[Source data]
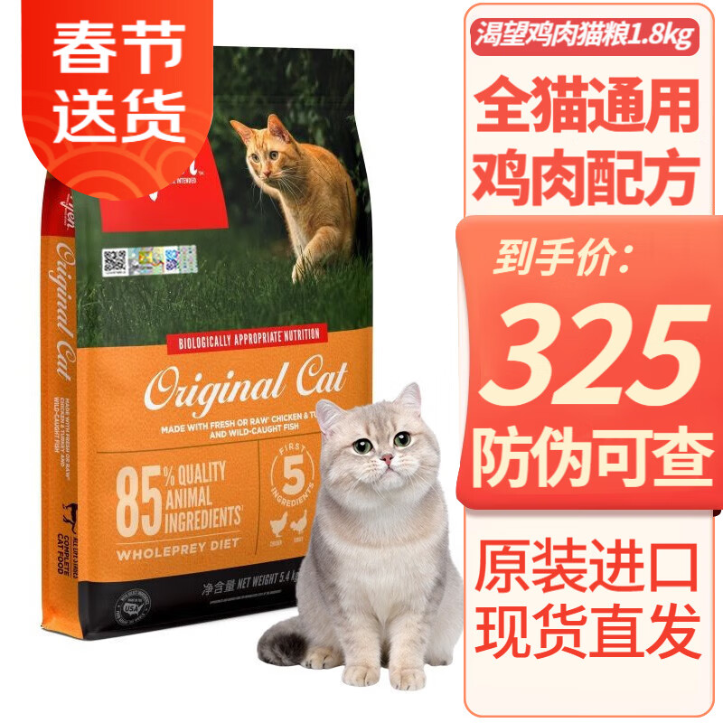 【旗舰店】orijen美国进口通用型天然全阶段营养原味猫粮5.4kg
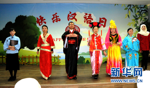 汉语老师在表演中国服装秀。新华网记者蒋少清摄
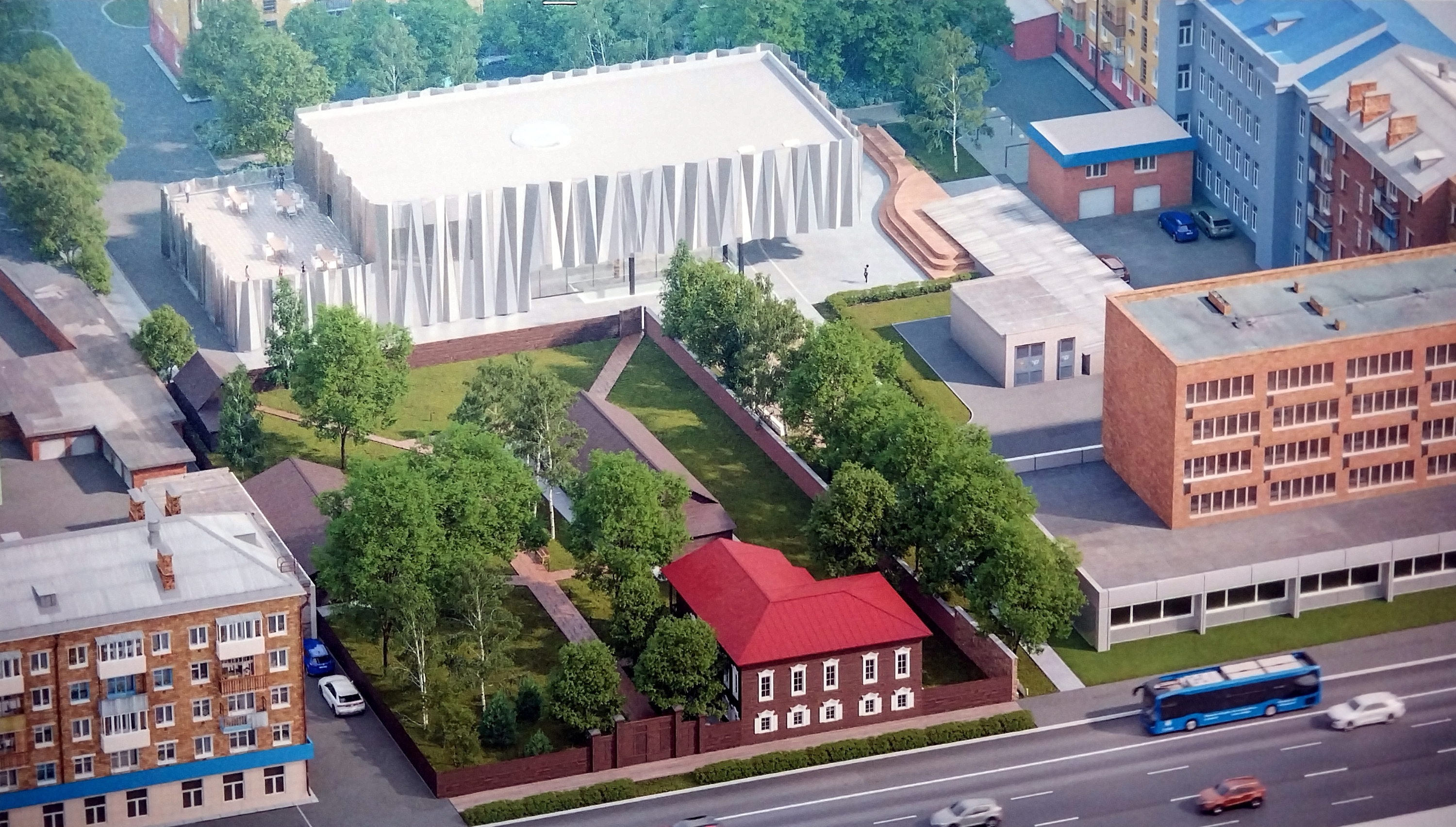 Стало известно, как будет выглядеть «Суриков-центр», который планируется построить позади музея-усадьбы В. И. Сурикова в районе пересечения Ленина и Кирова.
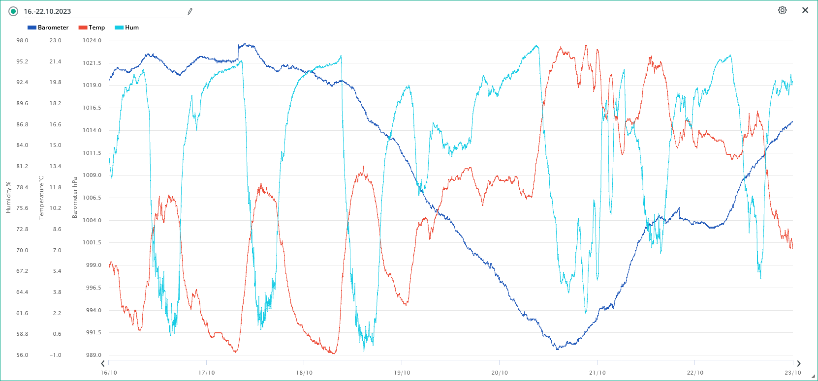 Minimální/maximální tlak 21.10.: 991,1 hPa /1004,1 hPa
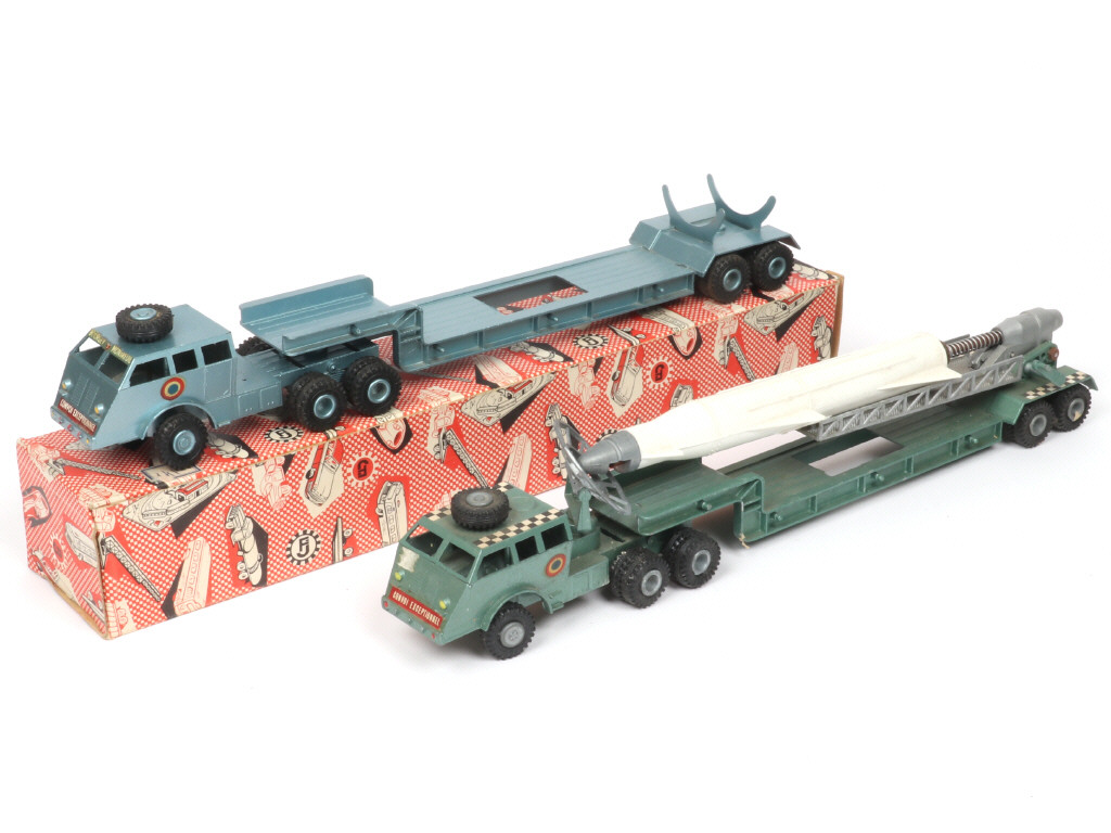 comprend les versions : porte pipe-line 'BOURGEY-MONTREUIL' (un axe de roues déformé, boîte état 'b' avec accrocs & petites déchirures) & convoi de lancement de fusée spatiale (quelques traces d'oxydation, système de lancement à revoir) - quelques accessoires manquants
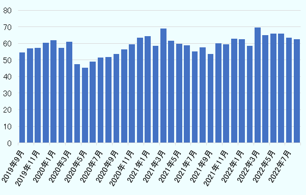 しかし、2022年10月現在、状況は落ち着きつつある。国内主要港における総取扱貨物量は、2020年4月以降、国内需要の回復や世界的なコンテナ不足などによって激しい増減を繰り返してきたが、2022年に入ってから安定化の兆しがみられる(図参照)。2022年3月以降の総貨物取扱量は、コロナ前の水準を超える月間6,000万トン以上で推移している。また、2020年後半から高騰し始めた海上運賃は現在高止まりしているが、ピークは脱した状況である。
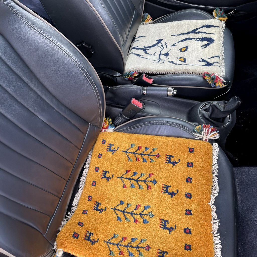 そんな時に役立つのが、ミニサイズのギャッベです。天然ウールならではの調湿性と保温性が、車内での快適さをしっかりサポートします。

#### [ACTION ITEM]
Without any picture, return exactly the lines of the records above from the first through the line that contains "Minimální/maximální tlak 21.10.: 991,1".

#### [OUTPUT FOR THIS TASK]
 【旗舰店】orijen美国进口通用型天然全阶段营养原味猫粮5.4kg
 汉语老师在表演中国服装秀。新华网记者蒋少清摄
 Стало известно, как будет выглядеть «Суриков-центр», который планируется построить позади музея-усадьбы В. И. Сурикова в районе пересечения Ленина и Кирова.
 Minimální/maximální tlak 21.10.: 991,1 hPa /1004,1 hPa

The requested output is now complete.